Uno tra i più autorevoli sociologi italiani non si è fatto remora di scrivere, non a torto, il libro intitolato: “Il colpo di stato di banche e governi. L’attacco alla democrazia in Europa“, definendo come “autoritarismo emergenziale” l’usurpazione del potere esecutivo, regolamentare e di iniziativa legislativa in politica economica (e non solo monetaria) da parte delle banche centrali, fondato sulla disinformazione, sull’inganno, sulla menzogna circa le reali cause della crisi economica allo scopo, fin troppo evidente, di salvare se stesse ed il sistema autoreferente delle grandi banche universali sul modello tedesco.

LE AUTORITA’ AMMINISTRATIVE INDIPENDENTI

Una riproposizione, in chiave post-moderna, del concetto giuridico del corporativismo in economia è rappresentato oggi in Italia dalle c.d autorità amministrative indipendenti, prima fra tutte, dalla Banca D’Italia. Anche queste autorità pubbliche tentano di auto-legittimarsi nell’esercizio del potere regolamentare sulla base di un uso distorto della dottrina dei poteri implici dello stato federale.

Già la denominazione è tutto un programma: autorità amministrative indipendenti. Verrebbe da chiedersi: “indipendenti da chi o da che cosa?”

L’idea scellerata è quella di replicare nei diversi settori economici (es. credito e risparmio, energia, telecomunicazioni, trasporti, lavori pubblici, mercati, assicurazioni, ecc.), ma non solo (si pensi al diritto alla riservatezza o al diritto di sciopero, alla concorrenza, alla corruzione), la tendenza espansiva dei poteri in atto per la corporazione del credito e della raccolta del risparmio, cioè della banca centrale.

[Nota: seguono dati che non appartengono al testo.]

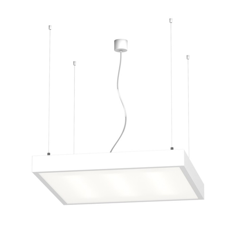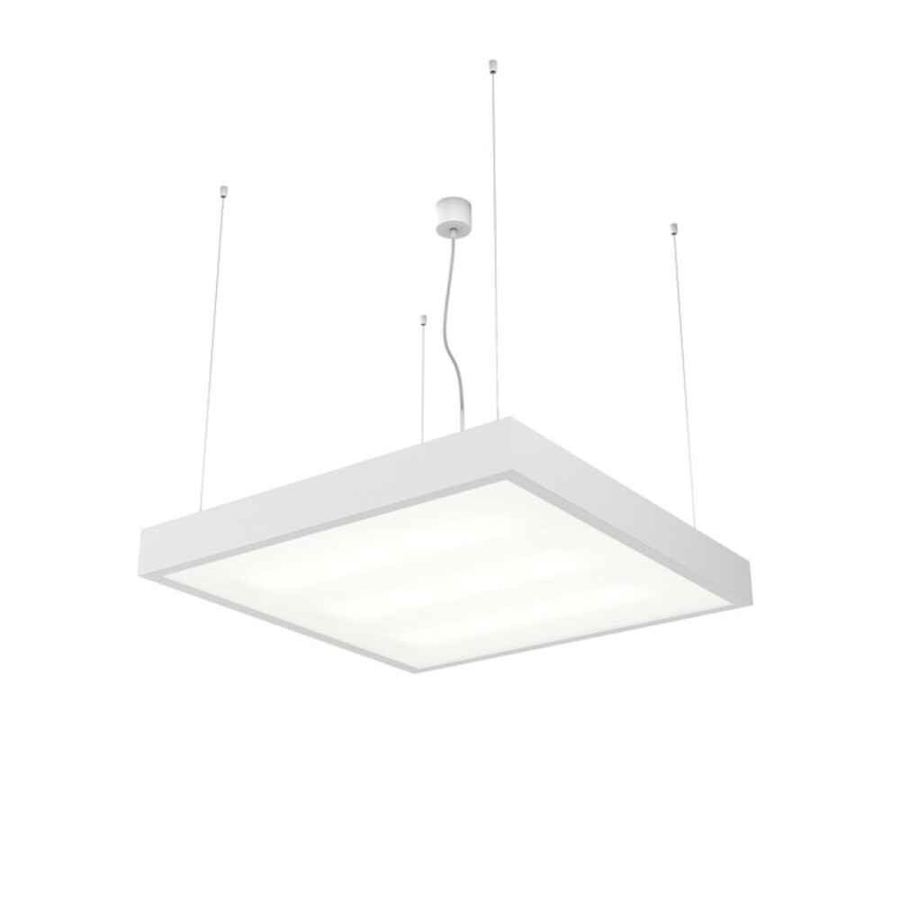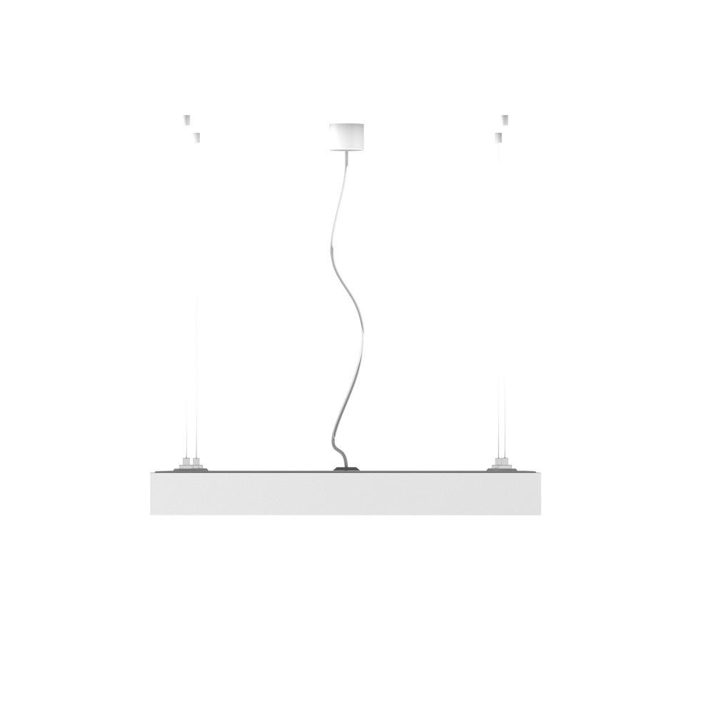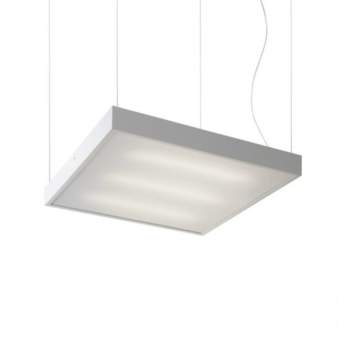 Square, aluminum profile fluorescent pendant lamp with an elegant design. Available in natural aluminum or white lacquered. With opal PMMA diffuser, downward lighting, three-core transparent cable.

L’obiettivo sarebbe quello di consolidare in capo a queste nuove corporazioni un potere regolamentare erga omnes (un autogoverno del settore economico o dei diritti e delle tutele) ovviamente giustificato e condito con la solita retorica propagandistica in ordine o alla “tutela del risparmio” o al “buon funzionamento del mercato” o alla “tutela del consumatore” o alla “tutela della concorrenza” o alla “tutela e salvaguardia dei beni pubblici”.

In realtà non si fà altro che riproporre la ricetta del corporativismo (o fascismo) e cioè l’auto-legittimazione del potere legislativo in capo a nominati (e non eletti) allo scopo di auto-tutelarsi ed agevolare gli interessi corporativi del settore a spese della collettività.

Secondo alcuni ciò non dovrebbe essere possibile [6] in quanto la Corte costituzionale (sentenza 300/2003) ha rigettato una lettura estensiva del potere di vigilanza di un’autorità pubblica, sino a ricomprendere il potere regolamentare.

BCE, COMMISSIONE EUROPEA E CONSIGLIO EUROPEO

La questione del corporativismo giuridico nelle istituzioni europee, Banca Centrale Europea, Commissione europea e Consiglio europeo, è ben riassunto (nei suoi effetti concreti e tangibili in spregio della sovranità popolare) nel testo della interpellanza n. 09.3256 del 20 marzo 2009, al Consiglio federale svizzero e relativa risposta del 3 marzo 2010. [7] [8]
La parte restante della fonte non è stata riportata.